Commentary Magazine


Casualties

To the Editor:

Writing in the “Letters” section of the April Commentary, in response to Algis Valiunas’s “Sartre vs. Camus” [January], Neil Ford cites a figure of 100,000 civilian casualties in the war in Iraq. With this horrific number in mind, he suggests that Albert Camus’s admonition against “mass murder on behalf of noble ideas” should be applied to the American “adventure” in that country. In his reply, Mr. Valiunas rightly notes that many more civilians—perhaps a half-million in all—perished under the tyrannical rule of Saddam Hussein.

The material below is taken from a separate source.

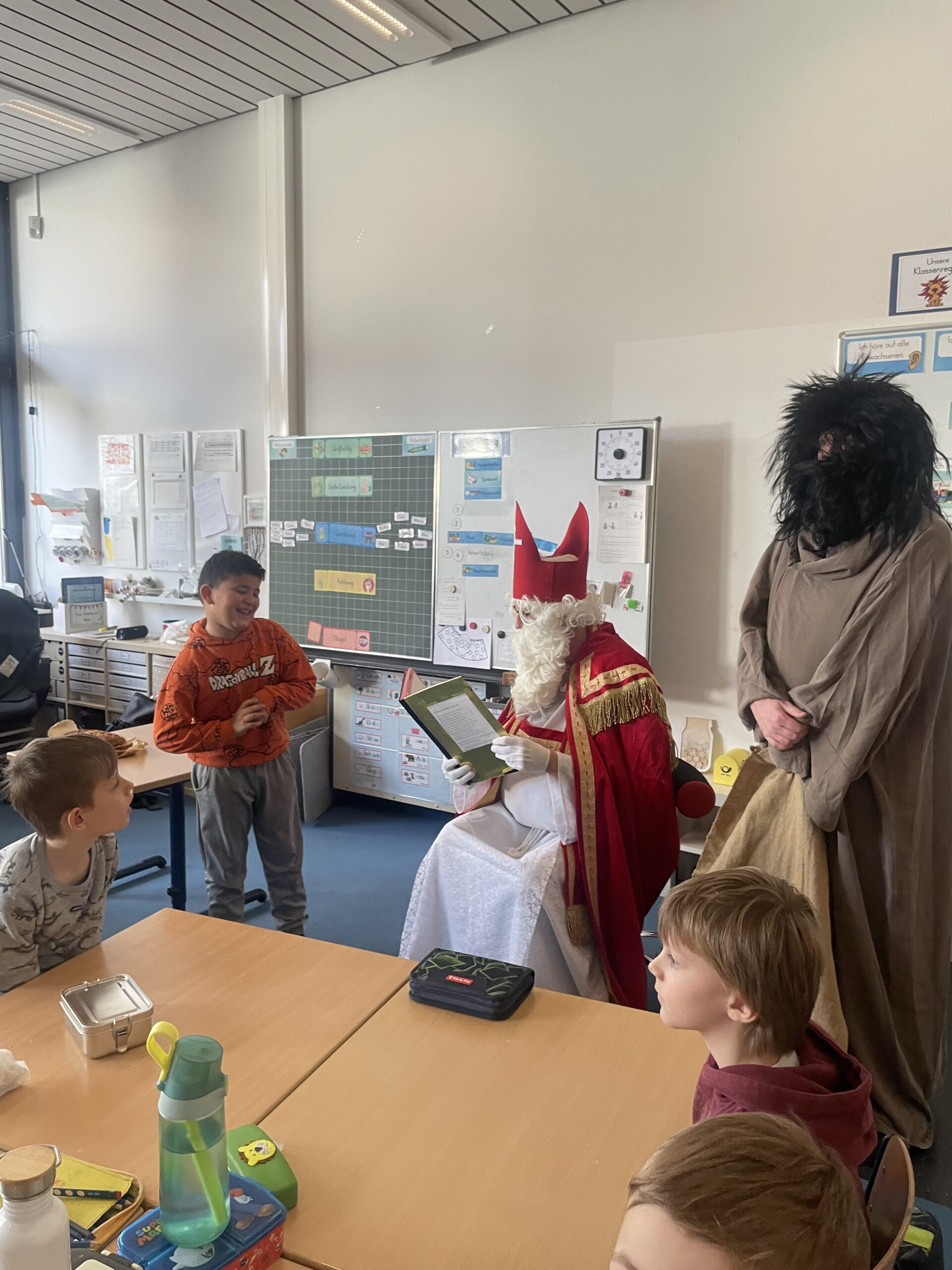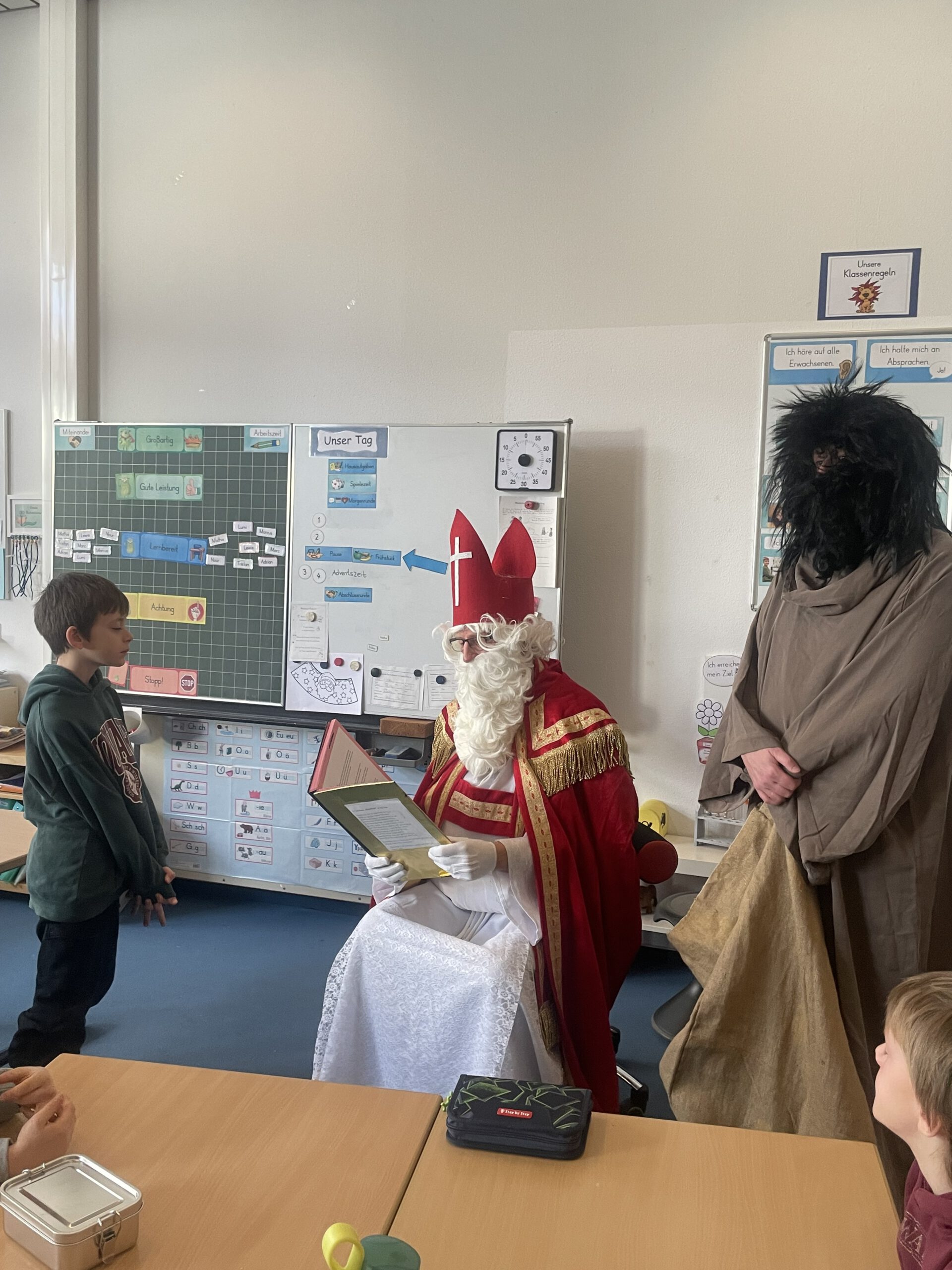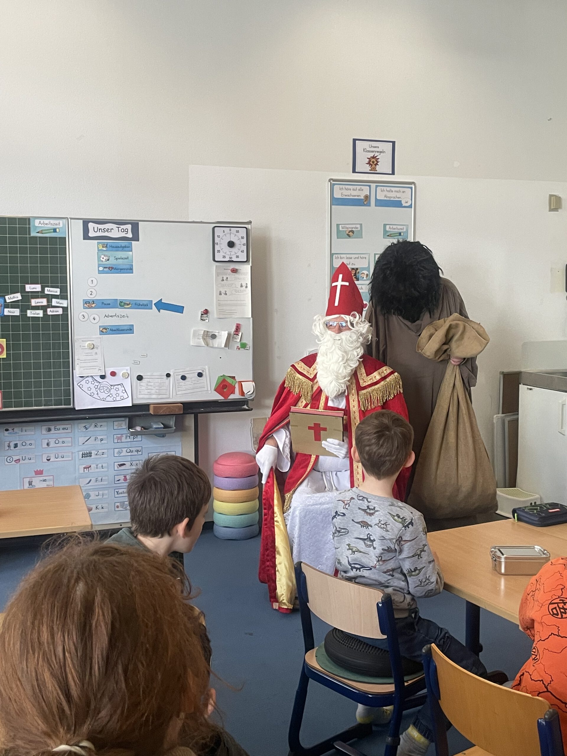 Alle Jahre wieder sorgt der Nikolaus für leuchtende Augen – und natürlich hat er auch dieses Mal den Weg in die Waldschule gefunden! Aus seinem goldenen Buch las er wertschätzende Worte über alle Schülerinnen und Schüler vor. Als kleine Überraschung hatte er viele kleine köstliche Leckereien im Gepäck, über die sich alle sehr gefreut haben.

Mr. Valiunas might have added that the figure of 100,000 adduced by Mr. Ford has itself been thoroughly debunked. It originated in a 2004 study published in the British medical journal Lancet, which employed statistical sampling techniques to generate an “estimate” of 98,000 civilian deaths. Buried in the study, however, is a startling caveat about the “confidence interval” assigned to this estimate. Translated into plain English, the Lancet study asserts a 95-percent probability that the casualty range falls somewhere between a low of 8,000 and a high of 194,000 deaths. The oft-cited 100,000 is merely a random midpoint between these two wildly separated extremes. Most observers, including even officials of the left-wing Human Rights Watch, believe that figure to be seriously inflated. Before the Lancet study was released, no reputable estimate of civilian deaths from the Iraq war exceeded 16,000.